(To do) Return all of the data exactly as written, without the pictures.

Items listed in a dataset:
*** Begin section ***

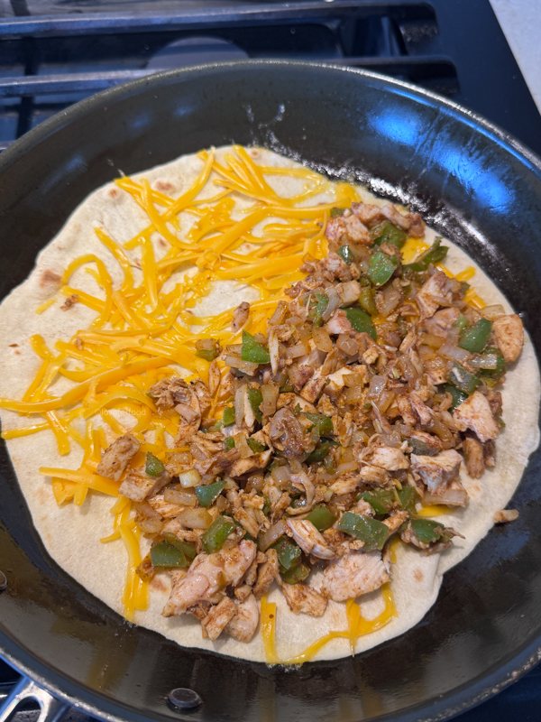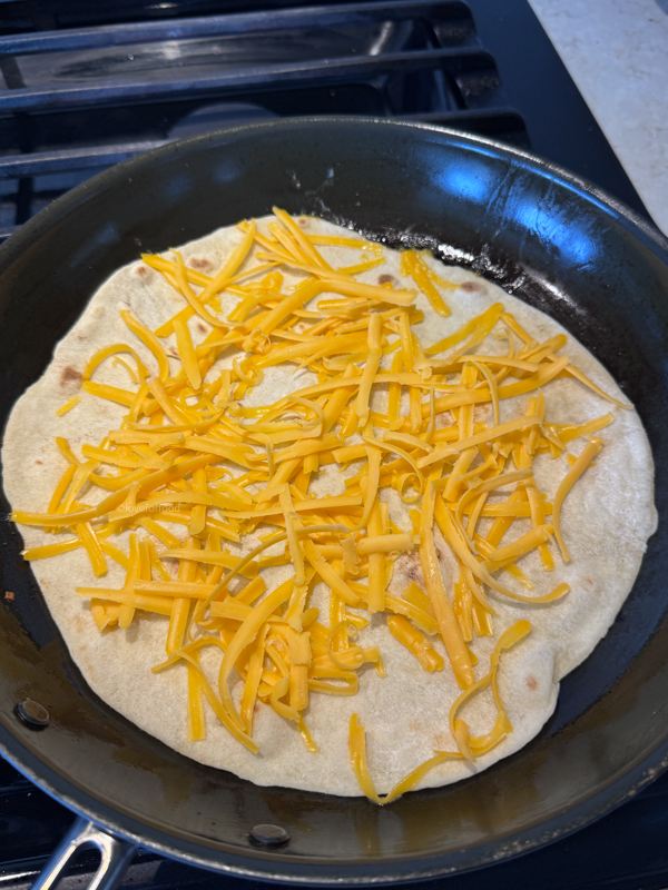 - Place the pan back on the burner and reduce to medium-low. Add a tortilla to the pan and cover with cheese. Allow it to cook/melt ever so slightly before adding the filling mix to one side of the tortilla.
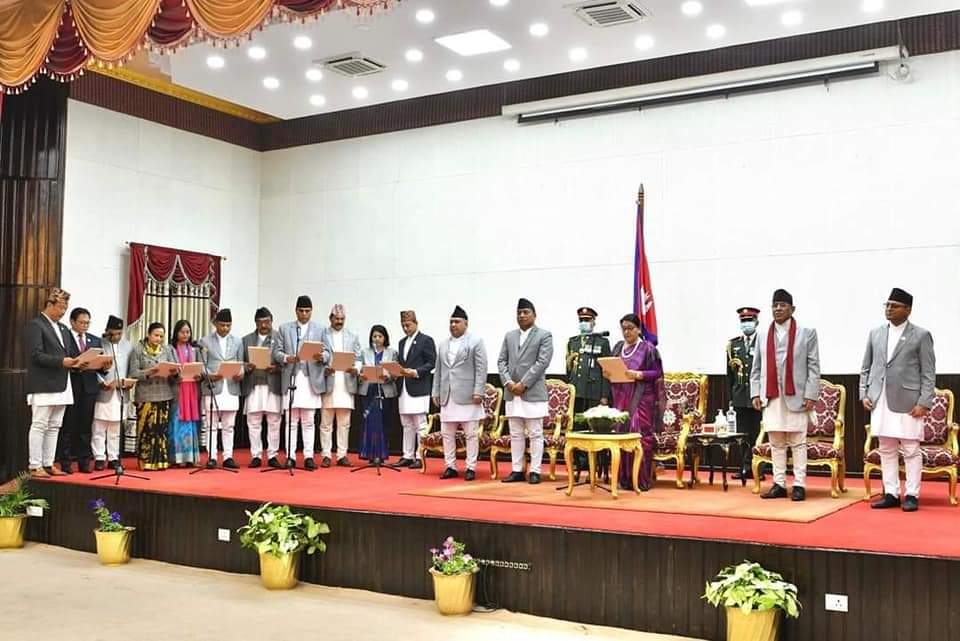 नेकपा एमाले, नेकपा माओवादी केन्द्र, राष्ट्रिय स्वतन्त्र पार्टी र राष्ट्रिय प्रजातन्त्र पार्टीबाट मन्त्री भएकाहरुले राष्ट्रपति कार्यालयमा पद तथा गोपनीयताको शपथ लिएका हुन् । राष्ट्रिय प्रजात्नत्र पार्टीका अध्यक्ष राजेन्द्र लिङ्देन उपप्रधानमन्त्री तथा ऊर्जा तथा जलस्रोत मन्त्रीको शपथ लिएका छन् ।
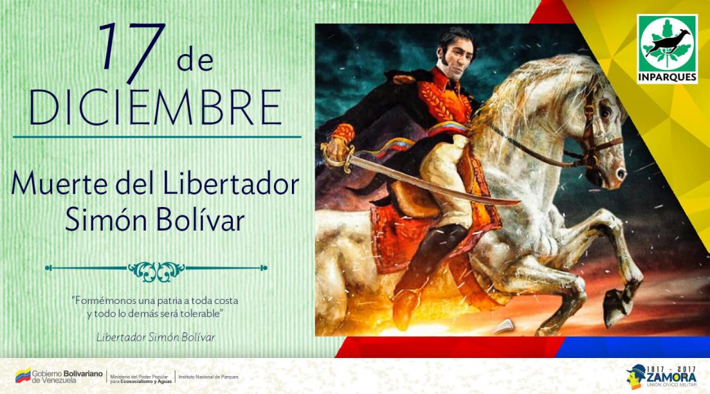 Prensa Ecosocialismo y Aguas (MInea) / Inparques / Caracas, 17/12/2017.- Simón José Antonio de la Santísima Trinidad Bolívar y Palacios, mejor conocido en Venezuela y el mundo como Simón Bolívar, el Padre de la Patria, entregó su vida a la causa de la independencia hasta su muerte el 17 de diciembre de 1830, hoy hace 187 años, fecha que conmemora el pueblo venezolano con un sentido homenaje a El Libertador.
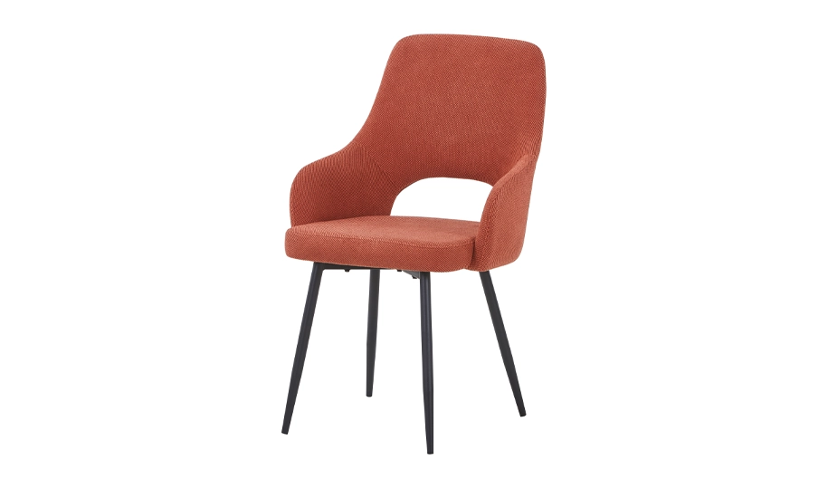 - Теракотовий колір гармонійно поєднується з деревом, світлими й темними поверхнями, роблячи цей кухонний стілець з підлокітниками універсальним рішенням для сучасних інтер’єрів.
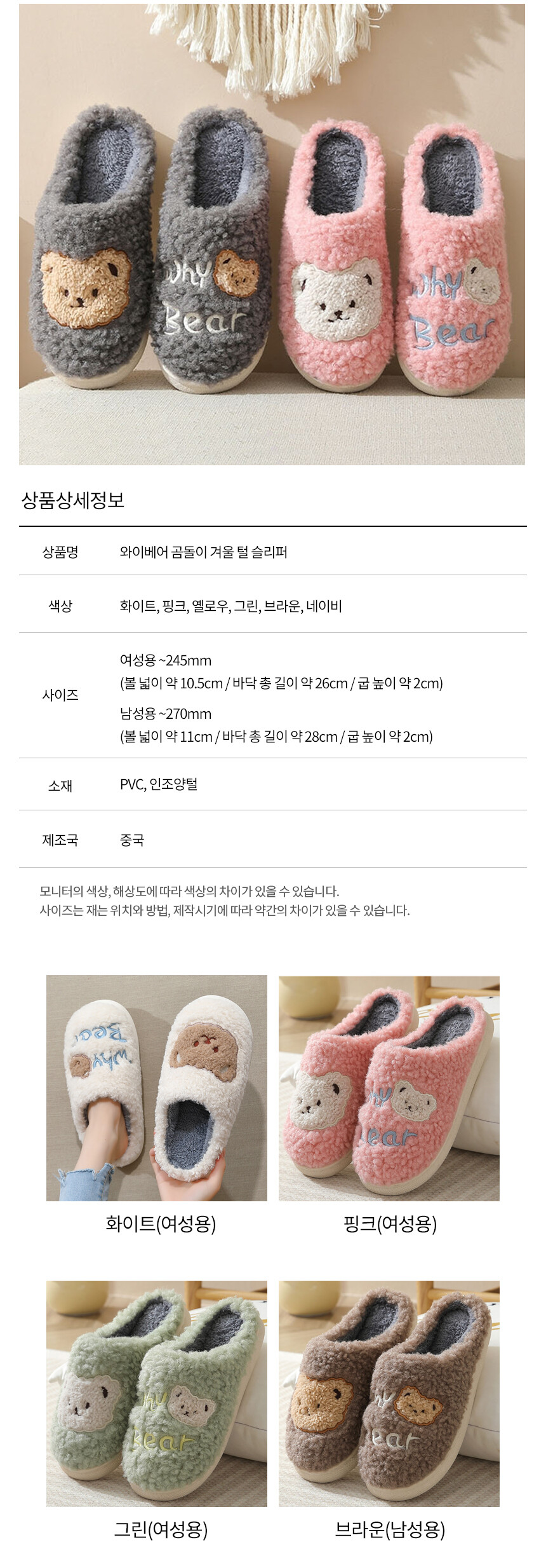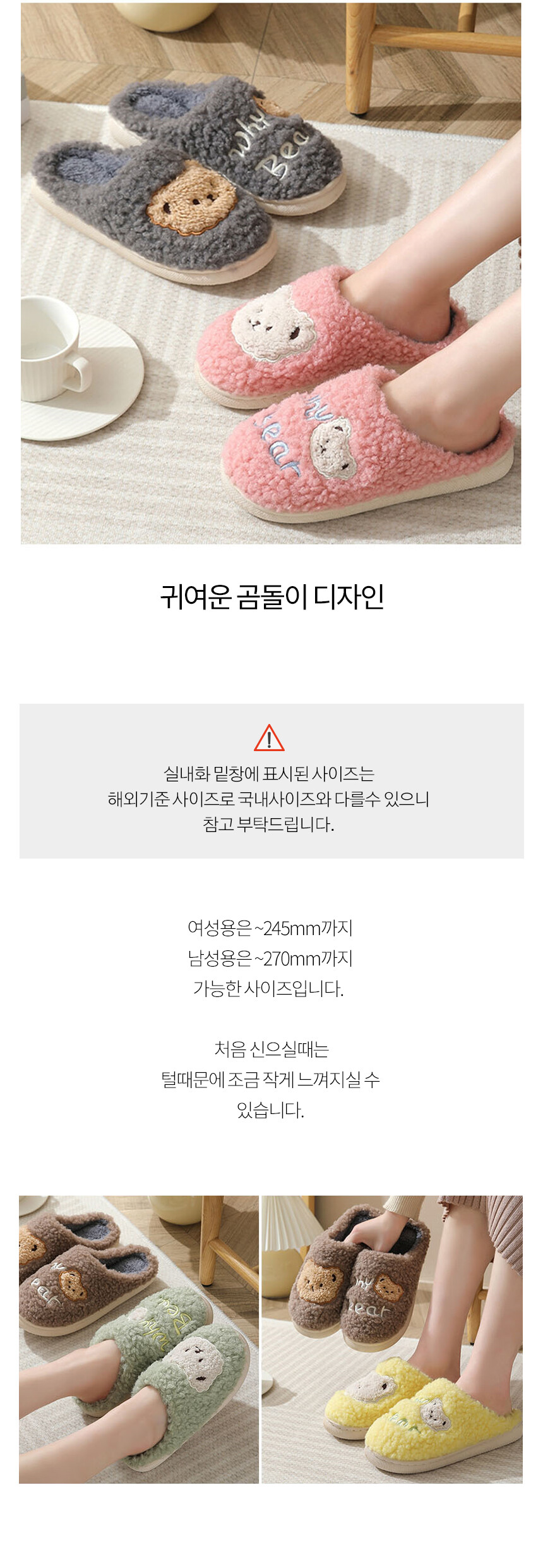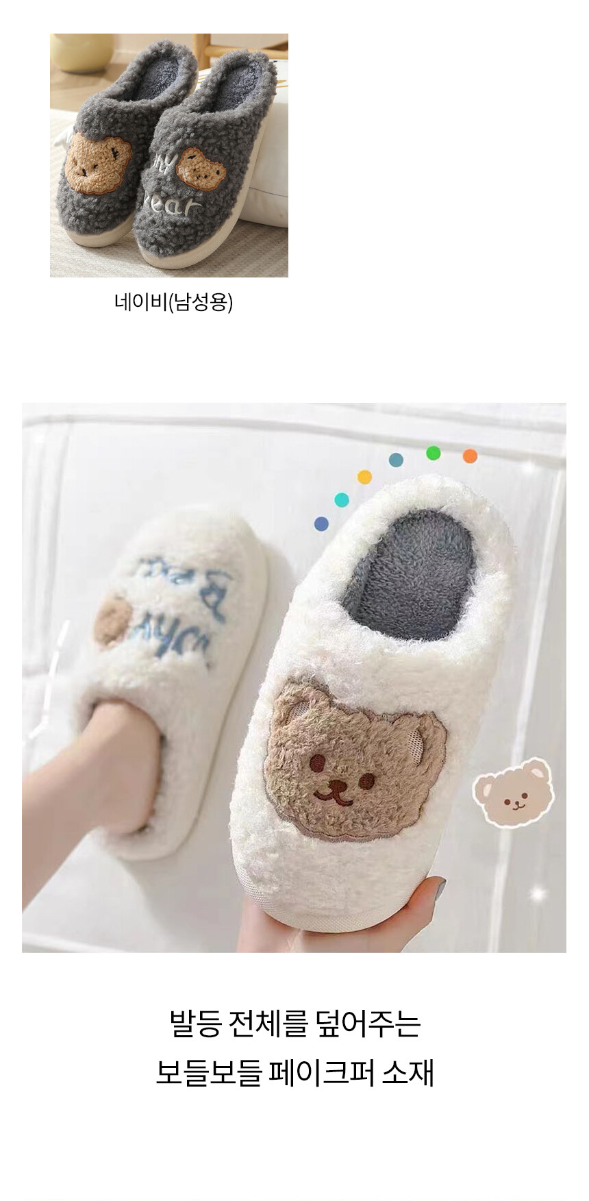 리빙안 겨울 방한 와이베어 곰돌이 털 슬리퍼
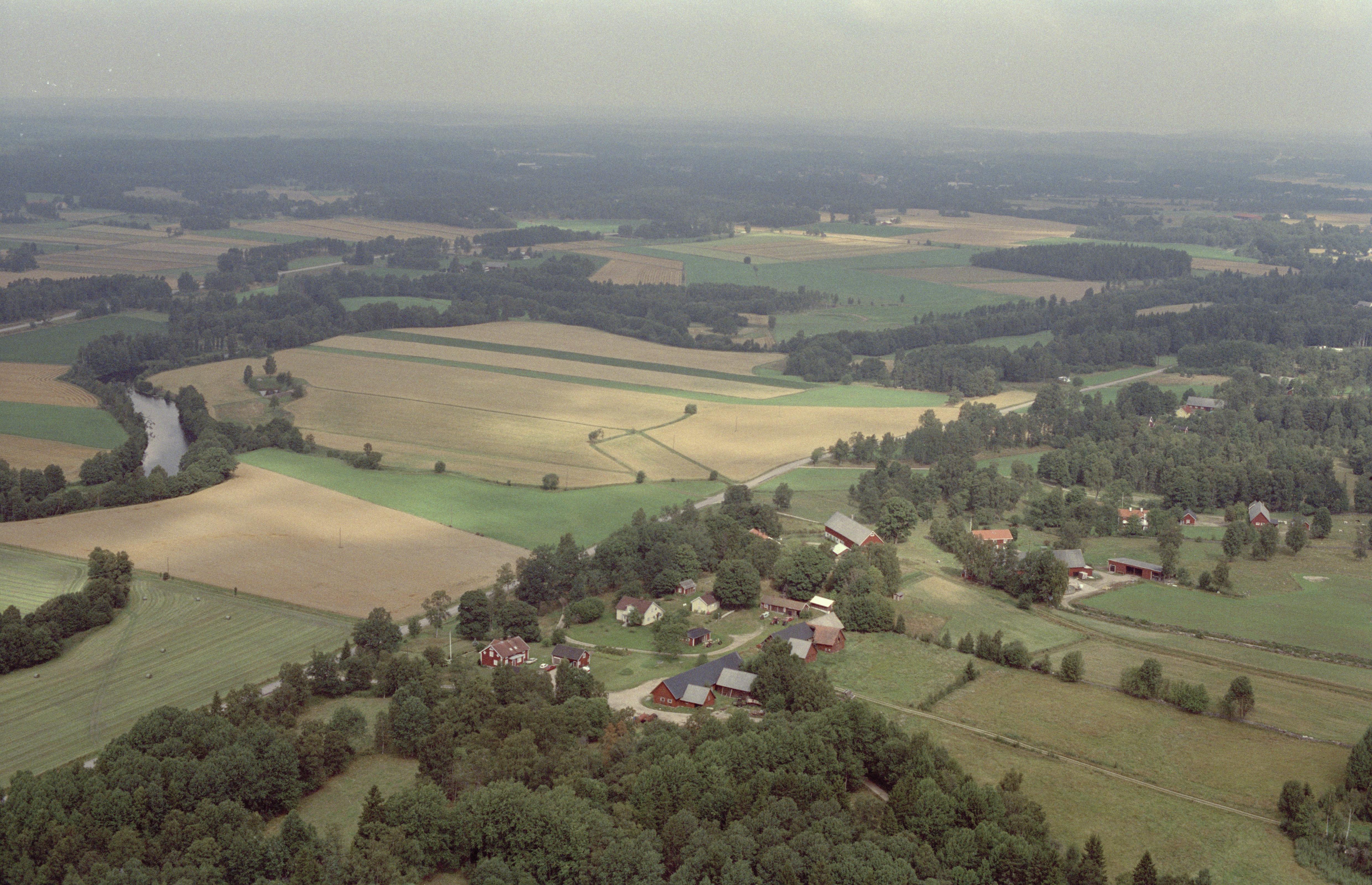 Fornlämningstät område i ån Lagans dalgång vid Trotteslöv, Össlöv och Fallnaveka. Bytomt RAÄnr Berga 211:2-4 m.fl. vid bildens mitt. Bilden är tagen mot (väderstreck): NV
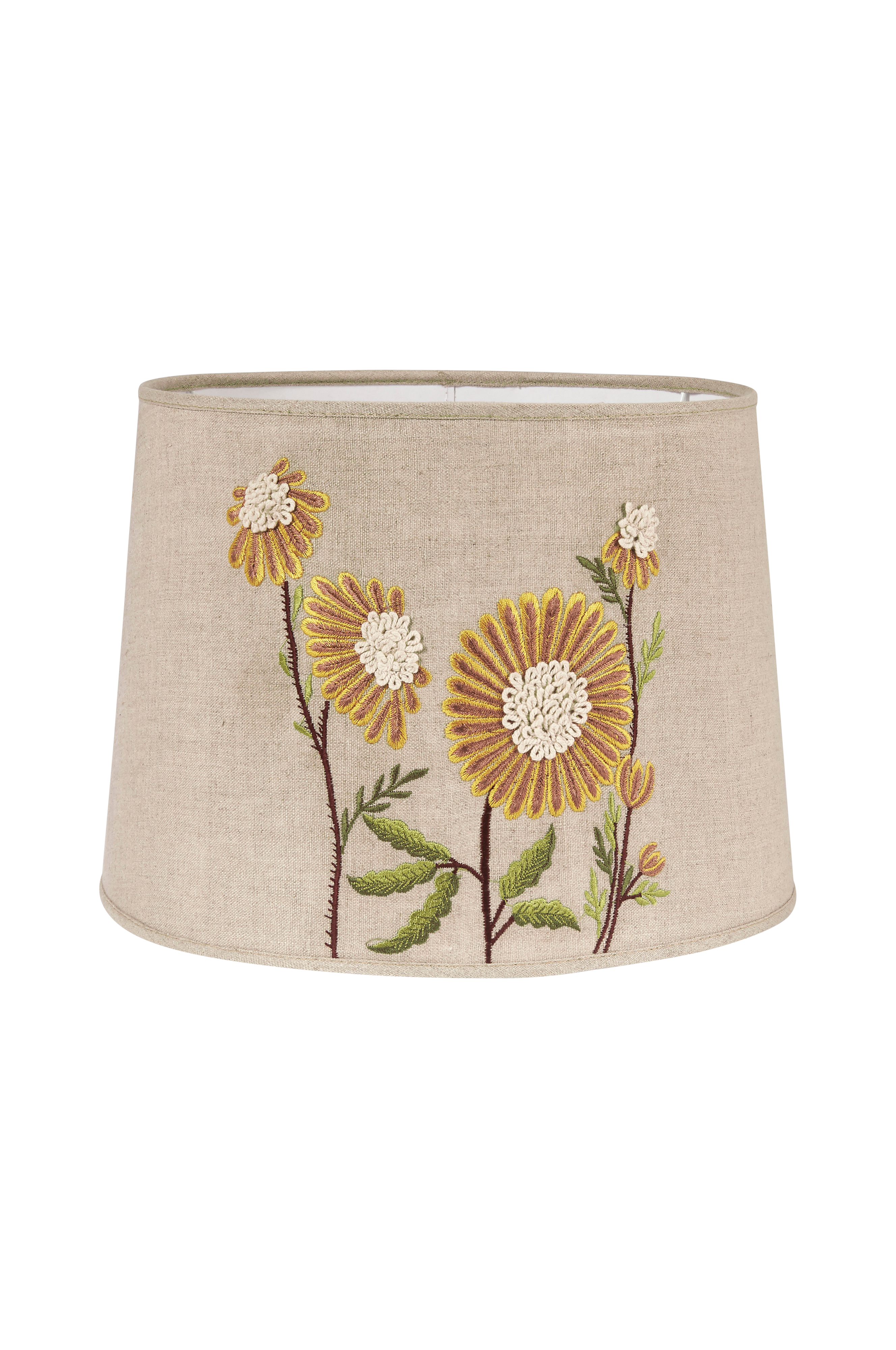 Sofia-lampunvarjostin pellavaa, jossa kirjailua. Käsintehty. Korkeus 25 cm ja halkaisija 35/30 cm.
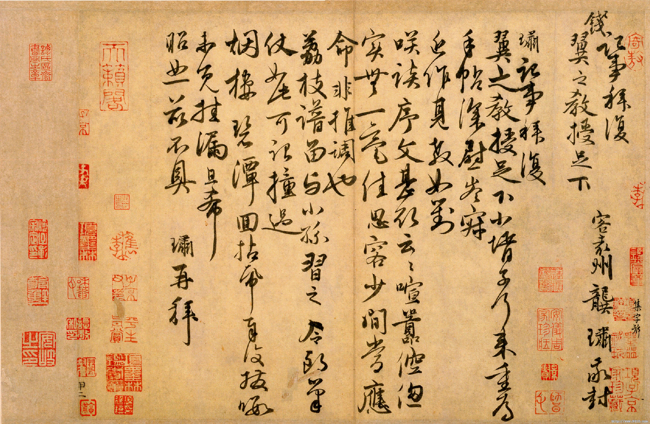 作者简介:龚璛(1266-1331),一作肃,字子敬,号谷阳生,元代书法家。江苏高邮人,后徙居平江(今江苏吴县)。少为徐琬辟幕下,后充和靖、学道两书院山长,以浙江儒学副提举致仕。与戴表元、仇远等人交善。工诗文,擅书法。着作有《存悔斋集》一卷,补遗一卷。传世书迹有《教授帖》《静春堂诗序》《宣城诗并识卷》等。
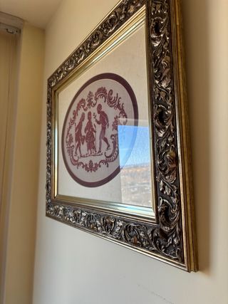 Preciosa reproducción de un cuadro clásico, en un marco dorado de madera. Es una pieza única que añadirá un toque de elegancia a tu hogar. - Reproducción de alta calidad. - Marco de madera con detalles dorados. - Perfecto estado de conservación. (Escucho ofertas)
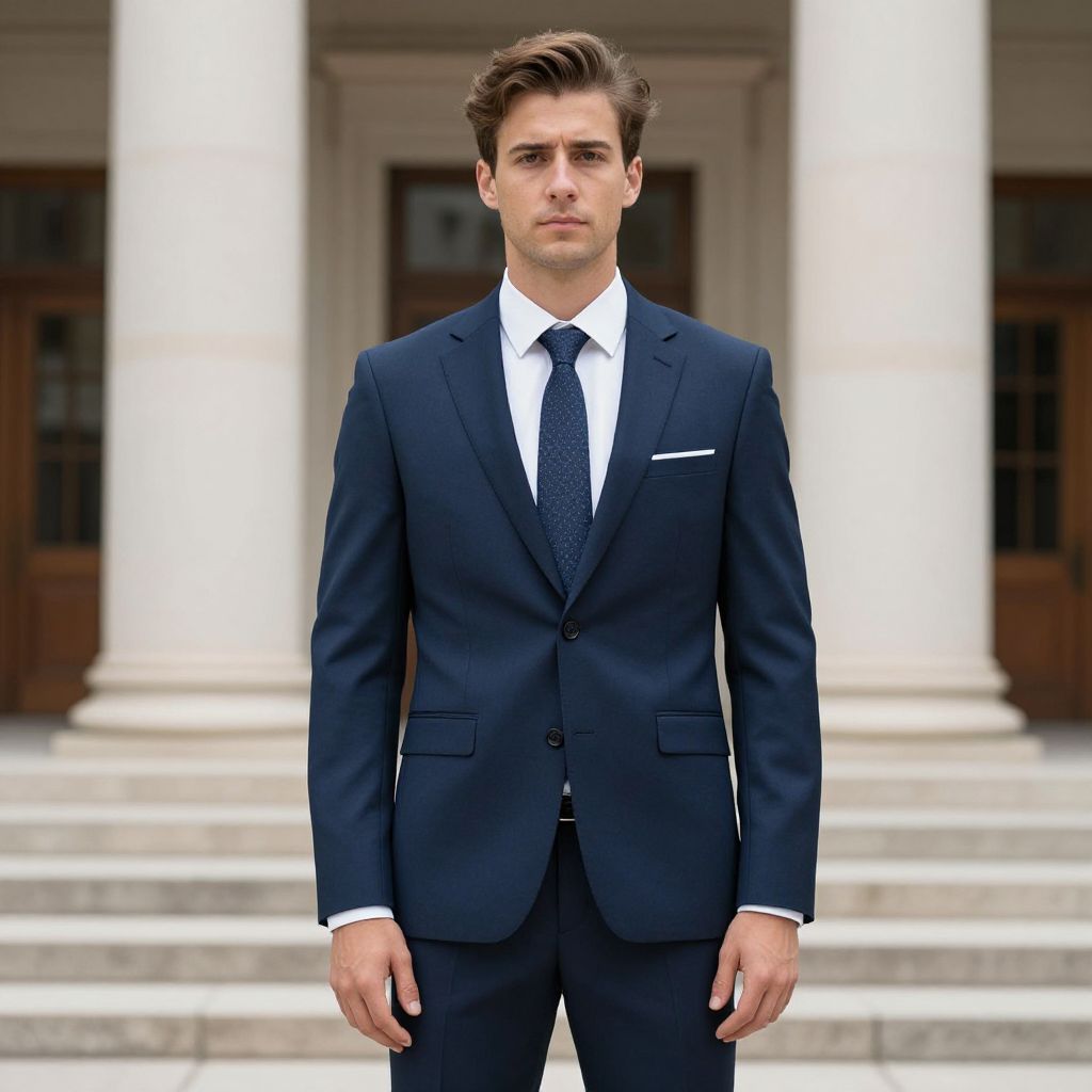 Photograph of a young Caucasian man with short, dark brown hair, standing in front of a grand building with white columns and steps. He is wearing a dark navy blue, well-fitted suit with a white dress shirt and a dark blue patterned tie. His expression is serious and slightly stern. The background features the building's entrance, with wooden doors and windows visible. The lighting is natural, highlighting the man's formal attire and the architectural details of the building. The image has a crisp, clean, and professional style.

*** End section ***

(Expected output)
 - Place the pan back on the burner and reduce to medium-low. Add a tortilla to the pan and cover with cheese. Allow it to cook/melt ever so slightly before adding the filling mix to one side of the tortilla.
 नेकपा एमाले, नेकपा माओवादी केन्द्र, राष्ट्रिय स्वतन्त्र पार्टी र राष्ट्रिय प्रजातन्त्र पार्टीबाट मन्त्री भएकाहरुले राष्ट्रपति कार्यालयमा पद तथा गोपनीयताको शपथ लिएका हुन् । राष्ट्रिय प्रजात्नत्र पार्टीका अध्यक्ष राजेन्द्र लिङ्देन उपप्रधानमन्त्री तथा ऊर्जा तथा जलस्रोत मन्त्रीको शपथ लिएका छन् ।
 Prensa Ecosocialismo y Aguas (MInea) / Inparques / Caracas, 17/12/2017.- Simón José Antonio de la Santísima Trinidad Bolívar y Palacios, mejor conocido en Venezuela y el mundo como Simón Bolívar, el Padre de la Patria, entregó su vida a la causa de la independencia hasta su muerte el 17 de diciembre de 1830, hoy hace 187 años, fecha que conmemora el pueblo venezolano con un sentido homenaje a El Libertador.
 - Теракотовий колір гармонійно поєднується з деревом, світлими й темними поверхнями, роблячи цей кухонний стілець з підлокітниками універсальним рішенням для сучасних інтер’єрів.
 리빙안 겨울 방한 와이베어 곰돌이 털 슬리퍼
 Fornlämningstät område i ån Lagans dalgång vid Trotteslöv, Össlöv och Fallnaveka. Bytomt RAÄnr Berga 211:2-4 m.fl. vid bildens mitt. Bilden är tagen mot (väderstreck): NV
 Sofia-lampunvarjostin pellavaa, jossa kirjailua. Käsintehty. Korkeus 25 cm ja halkaisija 35/30 cm.
 作者简介:龚璛(1266-1331),一作肃,字子敬,号谷阳生,元代书法家。江苏高邮人,后徙居平江(今江苏吴县)。少为徐琬辟幕下,后充和靖、学道两书院山长,以浙江儒学副提举致仕。与戴表元、仇远等人交善。工诗文,擅书法。着作有《存悔斋集》一卷,补遗一卷。传世书迹有《教授帖》《静春堂诗序》《宣城诗并识卷》等。
 Preciosa reproducción de un cuadro clásico, en un marco dorado de madera. Es una pieza única que añadirá un toque de elegancia a tu hogar. - Reproducción de alta calidad. - Marco de madera con detalles dorados. - Perfecto estado de conservación. (Escucho ofertas)
 Photograph of a young Caucasian man with short, dark brown hair, standing in front of a grand building with white columns and steps. He is wearing a dark navy blue, well-fitted suit with a white dress shirt and a dark blue patterned tie. His expression is serious and slightly stern. The background features the building's entrance, with wooden doors and windows visible. The lighting is natural, highlighting the man's formal attire and the architectural details of the building. The image has a crisp, clean, and professional style.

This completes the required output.